## EXERCISE MATERIAL
#####

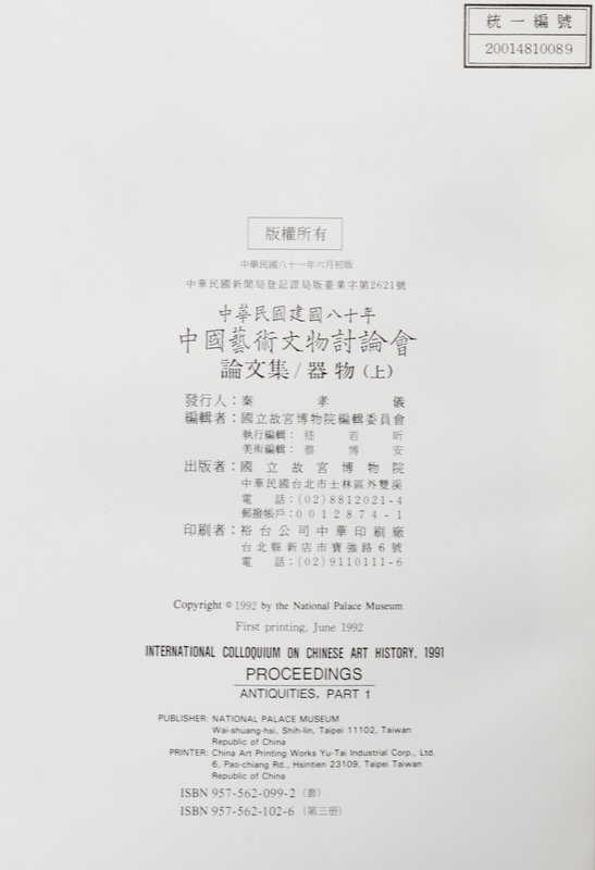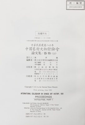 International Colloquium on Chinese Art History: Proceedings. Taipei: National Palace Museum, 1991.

#####

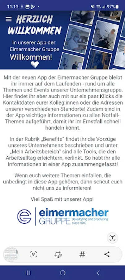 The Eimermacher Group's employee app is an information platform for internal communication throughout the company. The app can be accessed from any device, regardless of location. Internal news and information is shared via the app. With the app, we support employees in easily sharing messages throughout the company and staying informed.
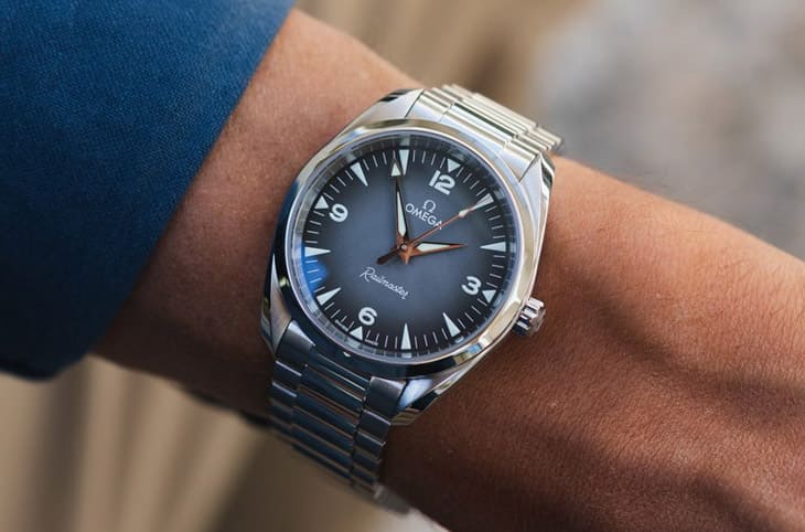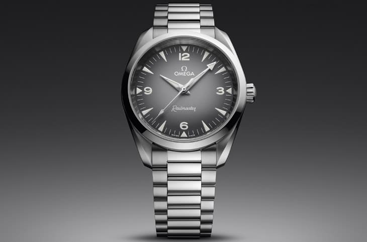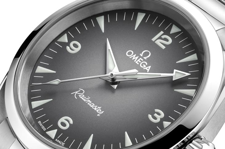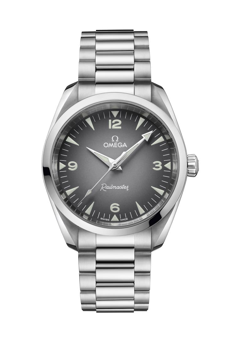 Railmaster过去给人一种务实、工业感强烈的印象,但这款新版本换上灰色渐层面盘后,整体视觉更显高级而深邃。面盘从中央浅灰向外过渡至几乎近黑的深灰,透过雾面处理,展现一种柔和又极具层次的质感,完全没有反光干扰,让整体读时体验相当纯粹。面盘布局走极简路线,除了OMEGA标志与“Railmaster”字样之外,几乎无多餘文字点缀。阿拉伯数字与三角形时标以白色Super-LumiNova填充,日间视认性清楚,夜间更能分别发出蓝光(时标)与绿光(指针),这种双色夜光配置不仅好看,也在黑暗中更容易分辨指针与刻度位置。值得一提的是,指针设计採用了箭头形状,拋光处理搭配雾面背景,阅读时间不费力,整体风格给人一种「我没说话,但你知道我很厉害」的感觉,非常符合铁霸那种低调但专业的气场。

#####

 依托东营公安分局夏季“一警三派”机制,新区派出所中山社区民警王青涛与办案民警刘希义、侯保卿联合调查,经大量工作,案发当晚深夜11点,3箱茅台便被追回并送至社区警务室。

#####

Starting at the line containing "The Eimermacher Group's" and finishing at the line containing "Railmaster过去给人", return those lines exactly as they appear above, without the pictures.

 The Eimermacher Group's employee app is an information platform for internal communication throughout the company. The app can be accessed from any device, regardless of location. Internal news and information is shared via the app. With the app, we support employees in easily sharing messages throughout the company and staying informed.
 Railmaster过去给人一种务实、工业感强烈的印象,但这款新版本换上灰色渐层面盘后,整体视觉更显高级而深邃。面盘从中央浅灰向外过渡至几乎近黑的深灰,透过雾面处理,展现一种柔和又极具层次的质感,完全没有反光干扰,让整体读时体验相当纯粹。面盘布局走极简路线,除了OMEGA标志与“Railmaster”字样之外,几乎无多餘文字点缀。阿拉伯数字与三角形时标以白色Super-LumiNova填充,日间视认性清楚,夜间更能分别发出蓝光(时标)与绿光(指针),这种双色夜光配置不仅好看,也在黑暗中更容易分辨指针与刻度位置。值得一提的是,指针设计採用了箭头形状,拋光处理搭配雾面背景,阅读时间不费力,整体风格给人一种「我没说话,但你知道我很厉害」的感觉,非常符合铁霸那种低调但专业的气场。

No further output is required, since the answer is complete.